• **Data to process**:
===============
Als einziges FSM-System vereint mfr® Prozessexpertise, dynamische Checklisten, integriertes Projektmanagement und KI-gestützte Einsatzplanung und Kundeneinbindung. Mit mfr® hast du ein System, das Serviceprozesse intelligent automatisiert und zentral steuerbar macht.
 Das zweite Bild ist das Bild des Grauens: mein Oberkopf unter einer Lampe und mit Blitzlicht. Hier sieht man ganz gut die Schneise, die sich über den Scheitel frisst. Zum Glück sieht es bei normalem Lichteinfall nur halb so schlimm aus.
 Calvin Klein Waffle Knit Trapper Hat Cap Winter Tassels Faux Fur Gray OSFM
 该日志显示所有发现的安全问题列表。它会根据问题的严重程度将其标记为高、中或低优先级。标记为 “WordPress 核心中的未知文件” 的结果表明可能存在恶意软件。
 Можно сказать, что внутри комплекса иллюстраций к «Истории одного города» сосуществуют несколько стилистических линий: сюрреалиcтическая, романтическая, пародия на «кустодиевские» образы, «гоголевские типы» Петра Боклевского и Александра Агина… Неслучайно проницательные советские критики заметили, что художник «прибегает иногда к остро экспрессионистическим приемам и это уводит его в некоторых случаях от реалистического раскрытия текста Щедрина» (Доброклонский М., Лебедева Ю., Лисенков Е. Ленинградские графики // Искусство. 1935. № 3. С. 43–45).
===============
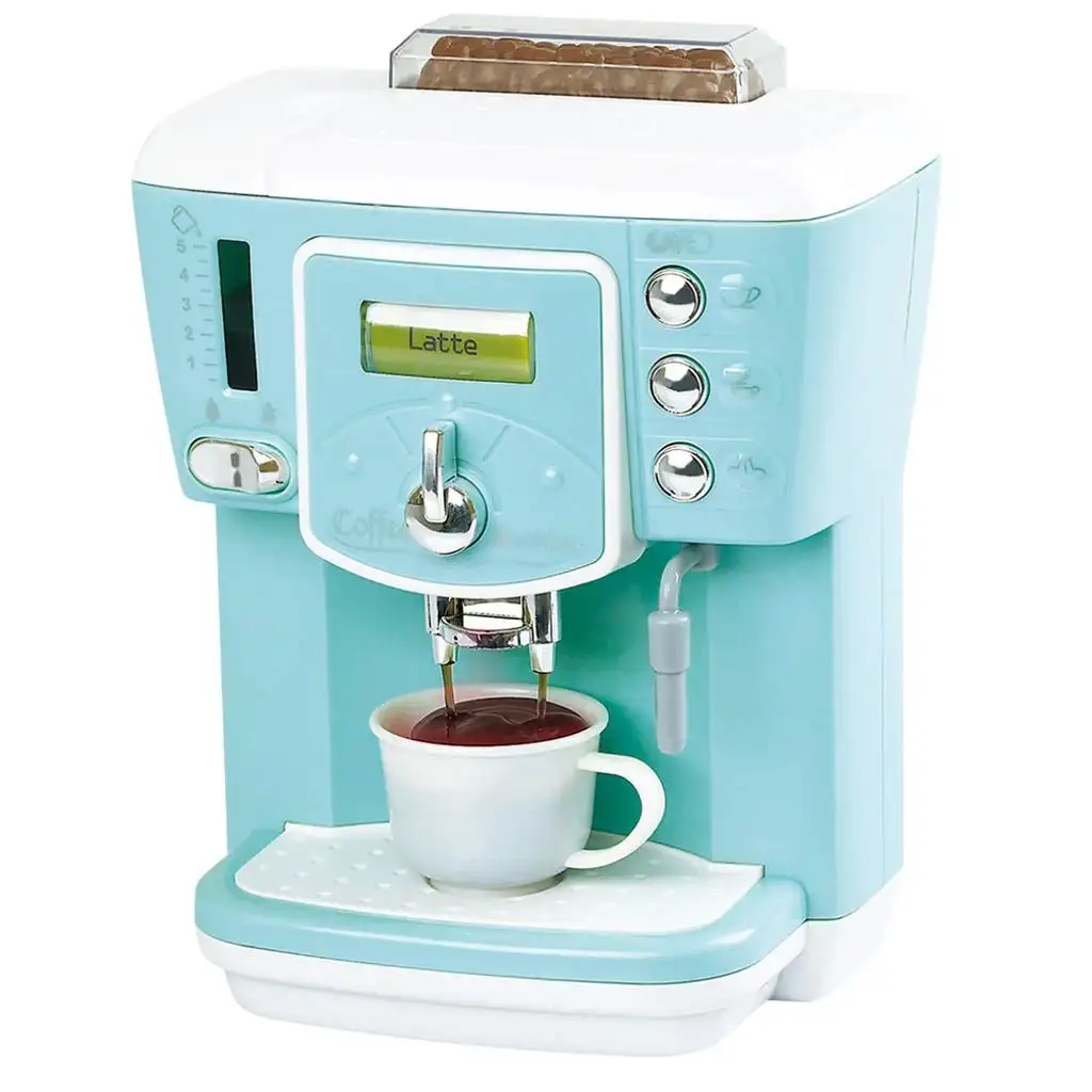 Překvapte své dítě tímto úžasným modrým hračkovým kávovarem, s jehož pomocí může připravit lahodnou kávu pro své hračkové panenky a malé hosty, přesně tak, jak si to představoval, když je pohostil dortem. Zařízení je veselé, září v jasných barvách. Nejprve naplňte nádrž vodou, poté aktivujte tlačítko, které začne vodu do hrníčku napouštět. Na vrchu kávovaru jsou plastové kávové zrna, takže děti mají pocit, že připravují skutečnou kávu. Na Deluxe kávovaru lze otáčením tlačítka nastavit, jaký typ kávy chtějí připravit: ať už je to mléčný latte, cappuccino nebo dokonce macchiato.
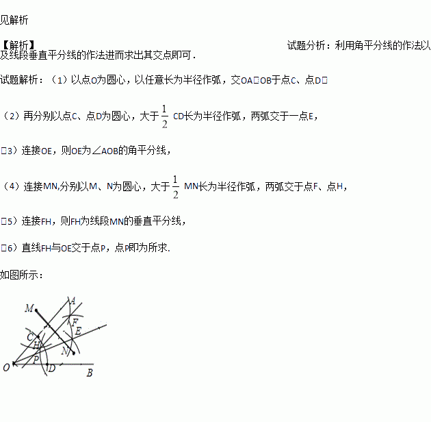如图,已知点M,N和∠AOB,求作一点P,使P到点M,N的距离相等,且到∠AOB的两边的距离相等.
===============
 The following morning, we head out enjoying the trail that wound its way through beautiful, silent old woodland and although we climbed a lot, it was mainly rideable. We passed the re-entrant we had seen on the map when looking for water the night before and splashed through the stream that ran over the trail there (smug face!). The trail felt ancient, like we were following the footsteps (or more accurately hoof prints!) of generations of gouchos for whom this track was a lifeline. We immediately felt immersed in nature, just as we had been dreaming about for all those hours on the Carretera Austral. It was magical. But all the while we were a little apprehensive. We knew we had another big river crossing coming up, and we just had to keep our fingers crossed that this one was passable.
===============
• **Brief**: Give back exactly the lines of the listing above that run from the line with "Als einziges FSM-System" to the line with "Можно сказать, что", inclusive.

• **The completed task**:
Als einziges FSM-System vereint mfr® Prozessexpertise, dynamische Checklisten, integriertes Projektmanagement und KI-gestützte Einsatzplanung und Kundeneinbindung. Mit mfr® hast du ein System, das Serviceprozesse intelligent automatisiert und zentral steuerbar macht.
 Das zweite Bild ist das Bild des Grauens: mein Oberkopf unter einer Lampe und mit Blitzlicht. Hier sieht man ganz gut die Schneise, die sich über den Scheitel frisst. Zum Glück sieht es bei normalem Lichteinfall nur halb so schlimm aus.
 Calvin Klein Waffle Knit Trapper Hat Cap Winter Tassels Faux Fur Gray OSFM
 该日志显示所有发现的安全问题列表。它会根据问题的严重程度将其标记为高、中或低优先级。标记为 “WordPress 核心中的未知文件” 的结果表明可能存在恶意软件。
 Можно сказать, что внутри комплекса иллюстраций к «Истории одного города» сосуществуют несколько стилистических линий: сюрреалиcтическая, романтическая, пародия на «кустодиевские» образы, «гоголевские типы» Петра Боклевского и Александра Агина… Неслучайно проницательные советские критики заметили, что художник «прибегает иногда к остро экспрессионистическим приемам и это уводит его в некоторых случаях от реалистического раскрытия текста Щедрина» (Доброклонский М., Лебедева Ю., Лисенков Е. Ленинградские графики // Искусство. 1935. № 3. С. 43–45).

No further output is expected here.